From here, we can just see through the trees to the shoreline, where the Russian gunship Neva anchored for her six day siege. But a few months ago, dense vegetation blocked any view of the water. And according to Carter, this not only short changes visibility, but history as well. – The 3 ½ acres were once marshland, not dense forest.  

“It’s super clear when you look at the air photos, you can pinpoint within a 10 year period, sometimes within a five year period where the major changes in vegetation occurred,” Carter says.

Aerial photographs from the 1920’s on suggest somewhat dramatic changes in the landscape.  With the retreat of glaciers, the land is rising and by the 1950’s, the marshland had given way to a dry beach covered with rye grass.
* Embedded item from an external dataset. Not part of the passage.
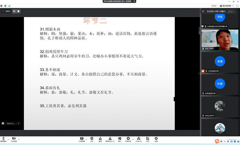 进行线上“学子怀德,沐浴儒风”论语大赛选拔赛。
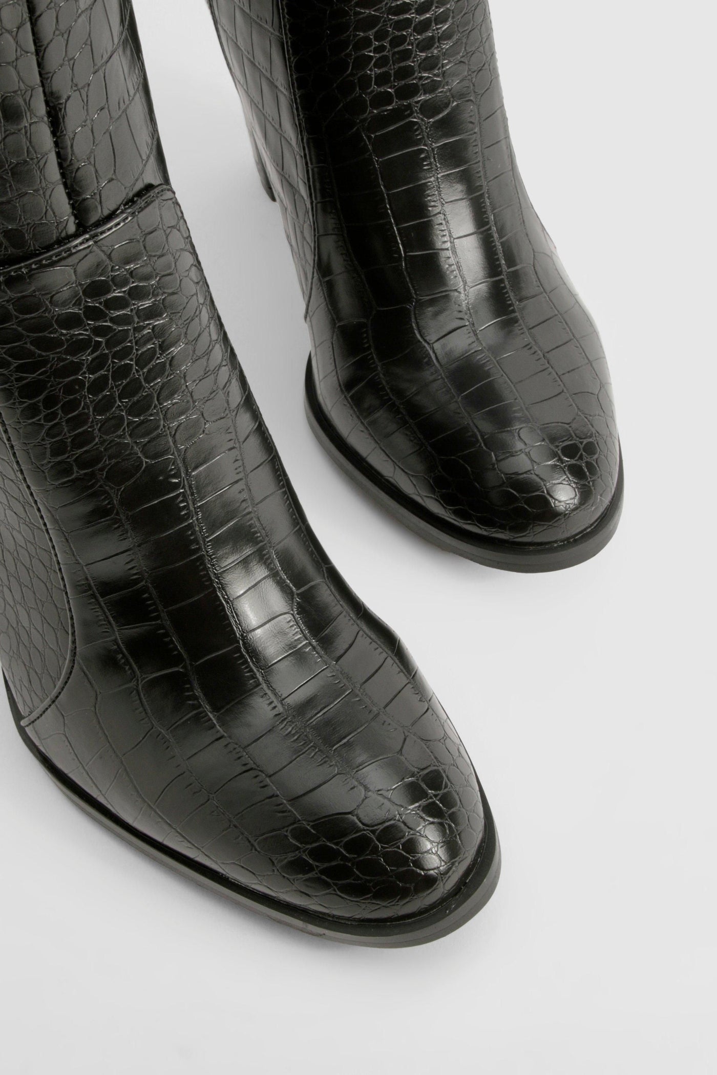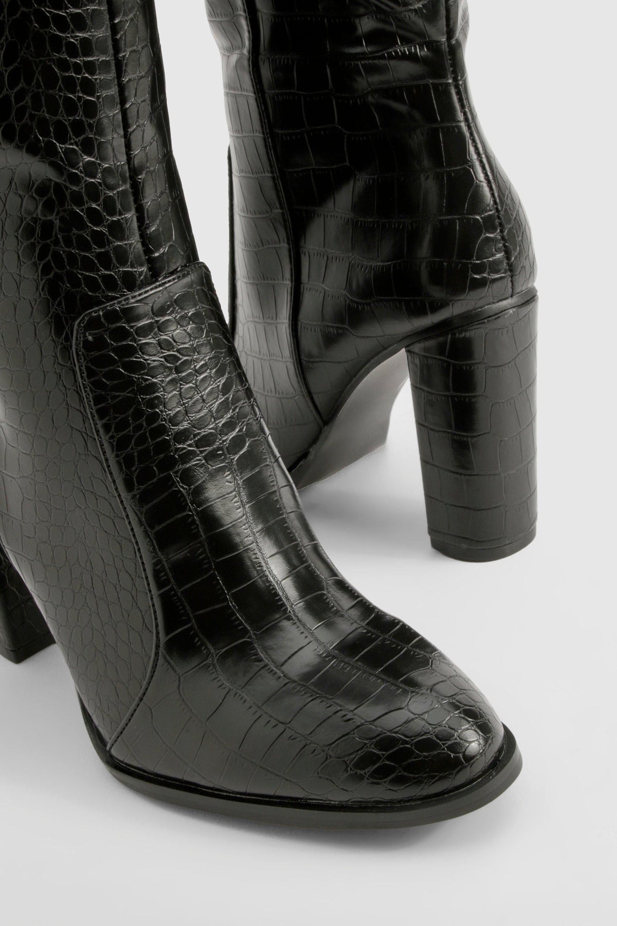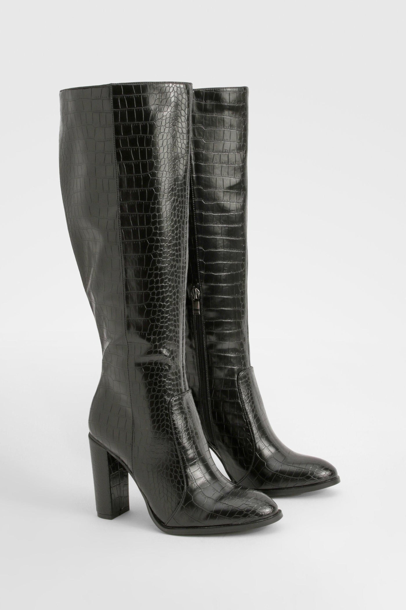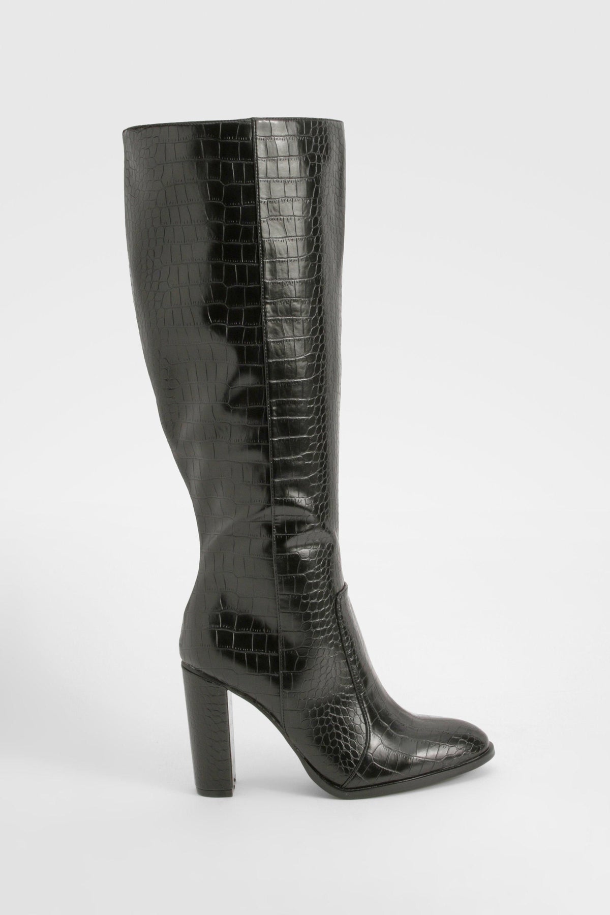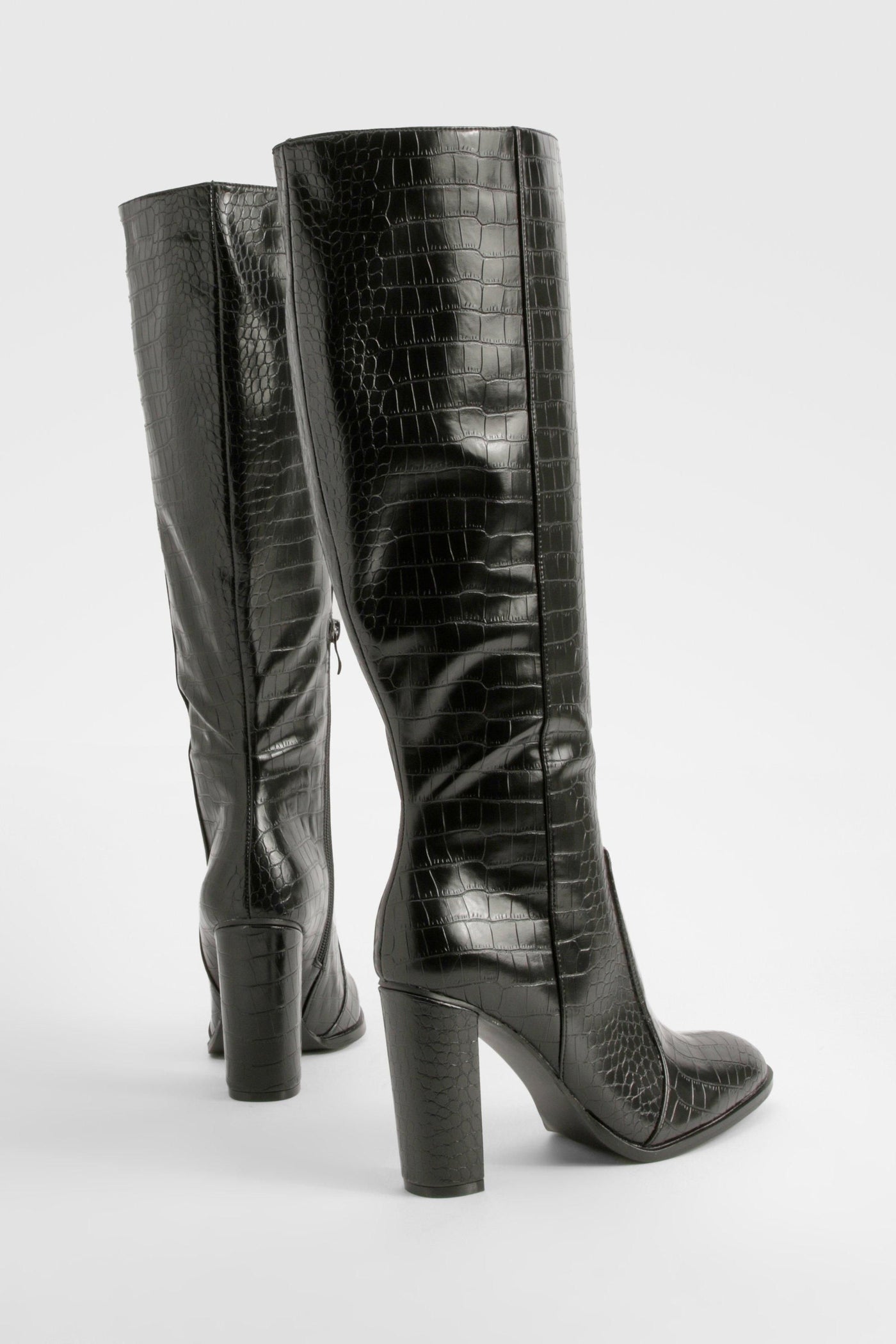 Make a bold statement with these eye-catching knee-high boots from Boohoo. The crocodile-effect texture adds a touch of exotic flair to your ensemble, whilst the sleek pointed toe and mid-height block heel create a flattering, elongated silhouette. Perfect for the fashion-forward woman who wants to turn heads, these boots can effortlessly transition from day to night. Style them with a midi skirt and oversized jumper for a chic daytime look, or pair them with a little black dress for an evening out. The versatile design makes these boots a go-to choice for family gatherings, brunches with friends, or casual outings where you want to add a dash of glamour to your outfit. With their on-trend appeal and comfortable heel height, these boots are sure to become a staple in your autumn and winter wardrobe.Discover Round Toe Knee High Croc Boots available to buy online at us.boohoo.com. Available with quick delivery and easy return options. Shop now!Discover Round Toe Knee High Croc Boots available to buy online at us.boohoo.com. Available with quick delivery and easy return options. Shop now!

Then, in 1958 the mill opened. Bob Sam worked for the park, upgrading the trails, around the time mill logs started washing up on shore.

“Standing here right now. I would say this was more wide open, it was an open field. This was covered with all these logs and stuff, a lot more back then. We cut a lot of them up and used it as firewood, gave it away to elders, things like that.”

But the logs kept coming, breaking off of rafts on their way to the mill, and washing up on the beach. Carter says that the deposition of this organic debris provided a perfect nursery environment for trees. “All of a sudden it became an emergent forest and we’d lost the open appearance of the battlefield.”

Ultimately the trees and undergrowth grew so thick, there was no visual corridor from the fort site to the waterfront, a view necessary for proper interpretation of the Battle of 1804. It even covered up other cultural relics- canoe haul outs and clam gardens.

So this spring, Carter and his team presented their plan to clear out undergrowth and small trees from the area, and they were met with some community support and a few suggestions.

“The tribe and their representatives suggested that rather than take out Hemlock wait until spring and they would be willing to haul the hemlock off for us- We’ve left all the hemlock that are small or that have branches that are potentially usable for subsistence herring sets.”

Carter says that the Park Service wants to be responsive both to the past, and the interests of the Tribal community. The work of restoration has been easier because people have fond memories of the land before the emergent forest began to take hold.

Bob Sam says that there is also the potential to learn from a past that’s still hidden- clearings on the beach where canoes were hauled out. “To me, that’s very interesting history that we should take a look at and not just keep covered. The technology of canoe haul outs is fascinating. It’s a culture that goes back thousands of years, so let’s take a look at it.”

The National Park Service will move ahead with the removal of the mill logs over the next few months.